On the interpretation of test sensitivity in the two-test two-population problem: Assumptions matter

Bayesian analyses of diagnostic test accuracy often require the assumption of constant test accuracy among populations to ensure model identifiability. In a prior study (Toft, N., Jørgensen, E., Højsgaard, S., 2005. Diagnosing diagnostic tests: evaluating the assumptions underlying the estimation of sensitivity and specificity in the absence of a gold standard. Prev. Vet. Med. 68, 19–33), the sensitivity estimate from a two-test two-population model was shown to be weighted toward the population with the higher prevalence of infection. In the present study, we provided analytical formulae that give insight into the effect of assuming constant sensitivity when this assumption was false. To further investigate the effect of failure of the assumption of constant sensitivity, we also simulated several data sets under the assumption that the first test's sensitivity varied in the two populations. Bayesian conditional independence models that presumed constant sensitivities were implemented in WinBUGS and posterior estimates (mean and 95% probability intervals) were evaluated based on the known true values of the parameters. Findings from the Bayesian analyses of several scenarios indicated that the posterior mean was a good estimate of the weighted mean of the sensitivities in the two populations, when one test was perfectly specific.
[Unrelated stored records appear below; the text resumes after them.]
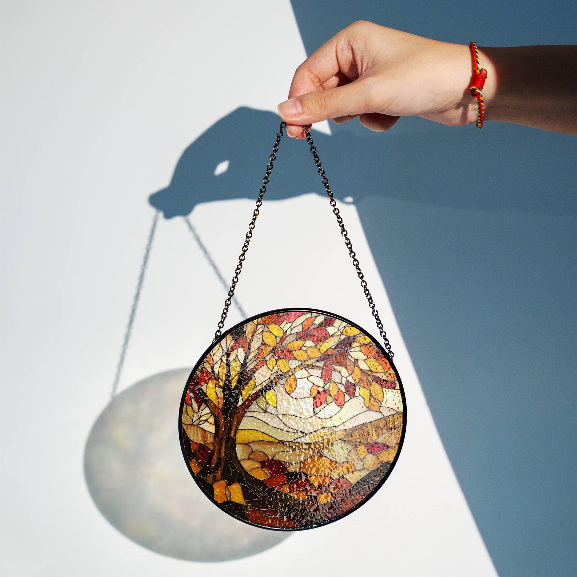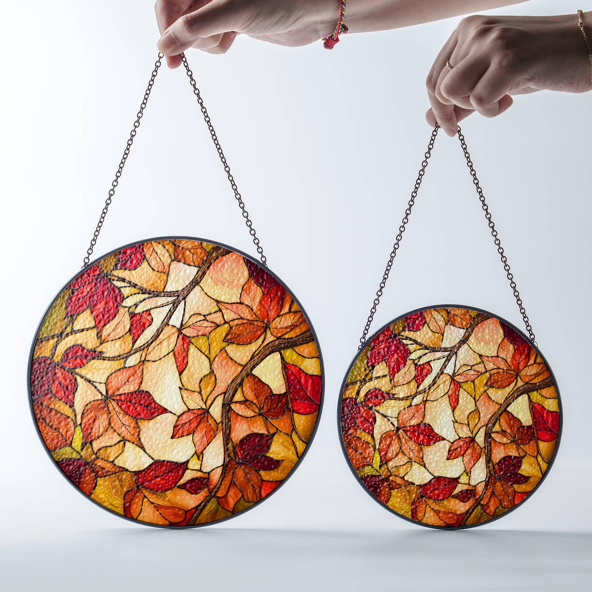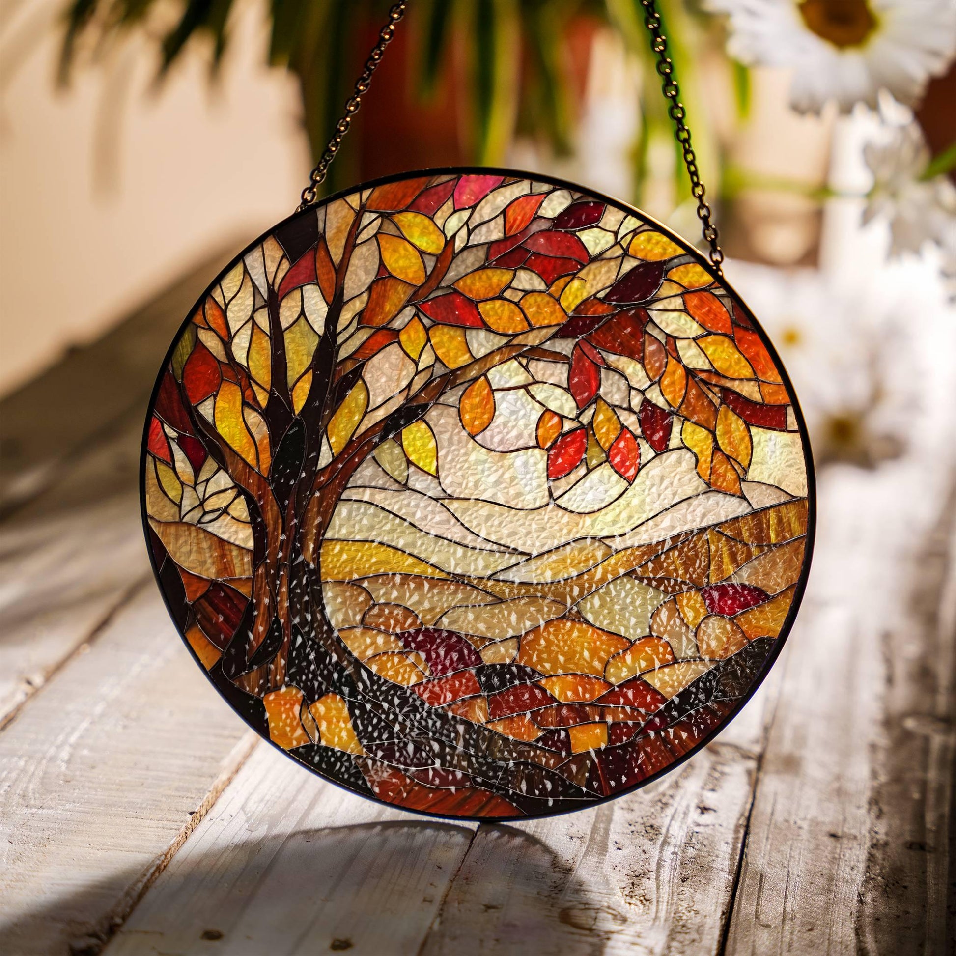 Autumn Stained Glass Sun Catcher Fall Season Light Catcher Window Hanging Autumn Home Decoration Gift
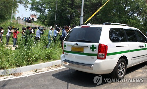 | △ 여대생 시신 발견 현장에 도착한 영안실 차량 (평택=연합뉴스) 류수현 기자 = 15일 경기도 평택시의 한 저수지 인근 야산에서 숨진 채 발견된 A(22·여)씨의 시신을 수습하기 위해 한 영안실 차량이 현장에 들어서고 있다. 2015.7.15 you@yna.co.kr |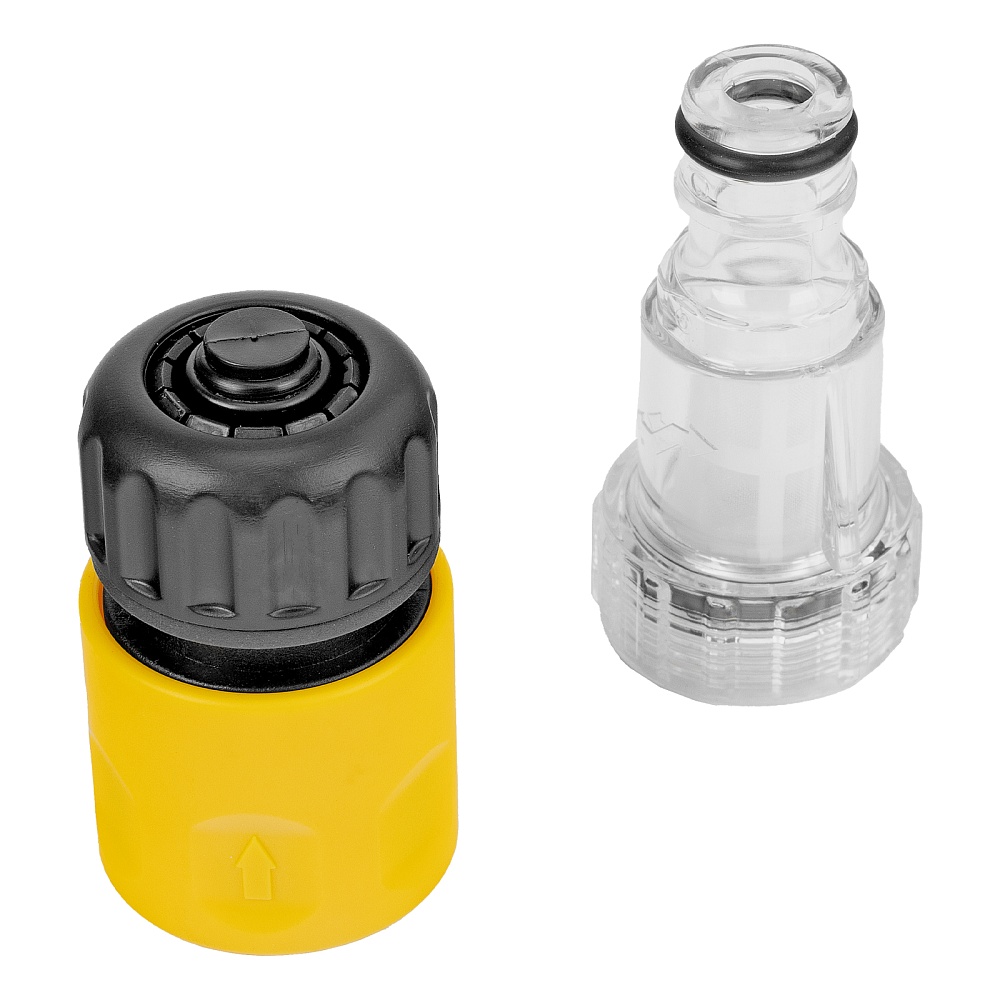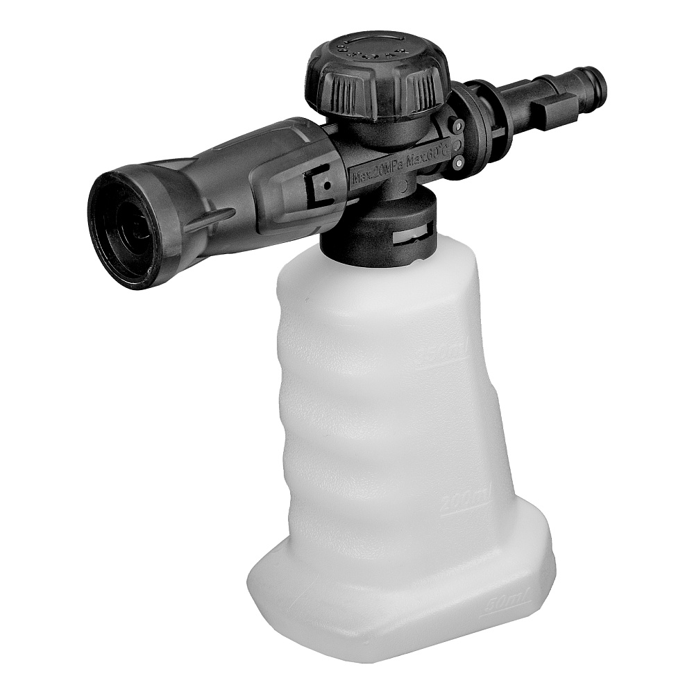 Мойка высокого давления, Кронштейн для шланга, Шланг высокого давления, Пистолет, Удлинитель пистолета с регулируемым соплом, Пеногенератор с бачком для моющего средства, Входной штуцер с фильтром, Быстросъемный коннектор шланга, кронштейн-держатель пистолета, Кронштей сетевого кабеля, Игла для прочистки сопла, Комплект крепежа, Инструкция с гарантийным талоном

When neither test was perfectly specific, the Bayesian posterior mean for test 1 sensitivity was either greater than the larger of the two true sensitivities, or smaller than both, and estimates of prevalence and the second test's specificity were incorrect. The implication is that estimates of some parameters will be biased if test sensitivities are not constant across populations. Without a perfectly specific test, and if the assumption of constant sensitivity fails, the only solution we are aware of would involve incorporating prior information on at least two parameters.